We got back to our room where it all began and instantly we had people come to see us. All day we had a room full of people who loved us and wanted to care for us.
They asked if I was ready to see our little baby and I said yes. She was just beautiful.
Dark hair, long, skinny feet, little hands and only 5lbs. 3oz.
She was just perfect!
I had her in our room for most of the day. Give her back? Not hold her forever? How was I supposed to do that?
The time came where I was able to let her go. She wasn't really here anymore and I knew that. She was safe, healthy and probably having a great time with our Lord.
Rog and I spent the rest of our night, crying, going over pictures and just being quiet.
Such a long day!
It went from rushing to curiosity to laughing and joking to excitement to scared to panic to sad to hopeful all in the same day.
I thank the Lord for that day! It's another story in our life. Another story that has God written all over it! Most of our stories do but sometimes they're not always that clear.
Now, we are on the next chapter of this story. I don't always want to go on but I am getting excited to do so.
I am ready to see what the puzzle looks like when all the pieces are together again.
Stay Cool This Summer In Chambray
7 years ago
4 comments:
Even though I know this whole story, I read it with held breath. It just sometimes seems like that--just a story....not real, you know?
Ugh. I wish it weren't real.
But I know God is good. He is perfect, and His plan is perfect. Even when our circumstances, quite literally, just stink.
I don't know why, but I am glad you are blogging about this. For me, it really helped. It helped to get it out, it helped to get things "down on paper", and even now, sometimes I go back and read my own thoughts from then. I think about things, about how I reacted, how I could have reacted differently or whatever. It helped me in the learning and growing process; and reading what others had to say helped too.
I think I am rambling.
Anyway, even as sad as this post is, I am so encouraged. All along you have been this pillar of strength. I know you are hurting, but your trust in God and what He is doing is so evident. He will give you grace. He will be your strength. He will carry you through.
And, He will put all those puzzle pieces right back--in the order they should be.
Love you.
WOW.
Thanks so much for sharing. Such an amazing wonderful, sad, story all in the same. I got goosebumps reading it.
He will fit everything back together. He will.
Hi.....
We don't know each other...yet....but I found you through Devin's blog, which I found by accident...long story, but providential...
My name's Leanne and you and I are now sisters in the motherhood of mommies with babies in Heaven. I visited your blog today on the recommendation of Devin, and I'm so glad I did!
I read your story with such a burden in my heart for you! I've been there too, and the thing is, please believe me, you are NOT alone! I've found that there is no sisterhood like this "club" of grieving and growing mamas...
I also read your story and I realized that my stomach hurt because I was so familiar with all of those emotions that you are feeling, even 5 years later.

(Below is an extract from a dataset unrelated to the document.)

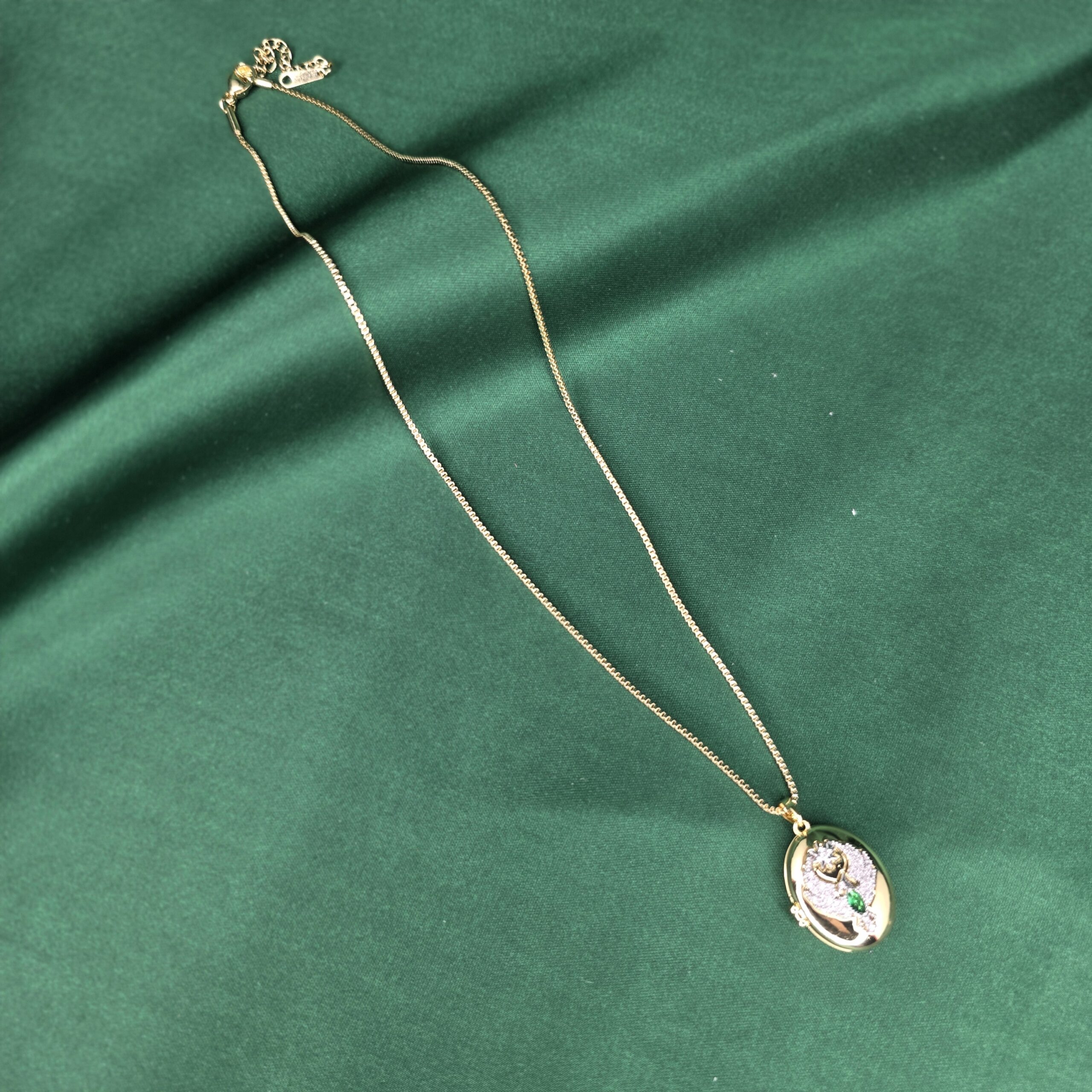 Zarif zinciri ve detaylı işlenmiş oval madalyon ucu ile şıklığınızı tamamlayan özel bir tasarım. Madalyonun ortasındaki yeşil taş, kolyeye hem doğal hem göz alıcı bir dokunuş katıyor. Dilerseniz içine sevdiklerinizin fotoğrafını da koyabilirsiniz.

I could go on and on, but I won't in the interest of now writing a book on your blog!!
IF you want to you can visit me at www.mysupplications.blogspot.com. I welcome new friends, and especially friends who have so much in common with me!
Don't drown. I'd like to be there to grab your hand as you learn to swim again.
Love
Leanne
Aimee,
My heart was breaking as I read your story. I can't imagine your pain. Thank you for sharing your story and giving God the glory even in this time when it is so difficult. Your faith is inspiring. I am still praying for you and your family.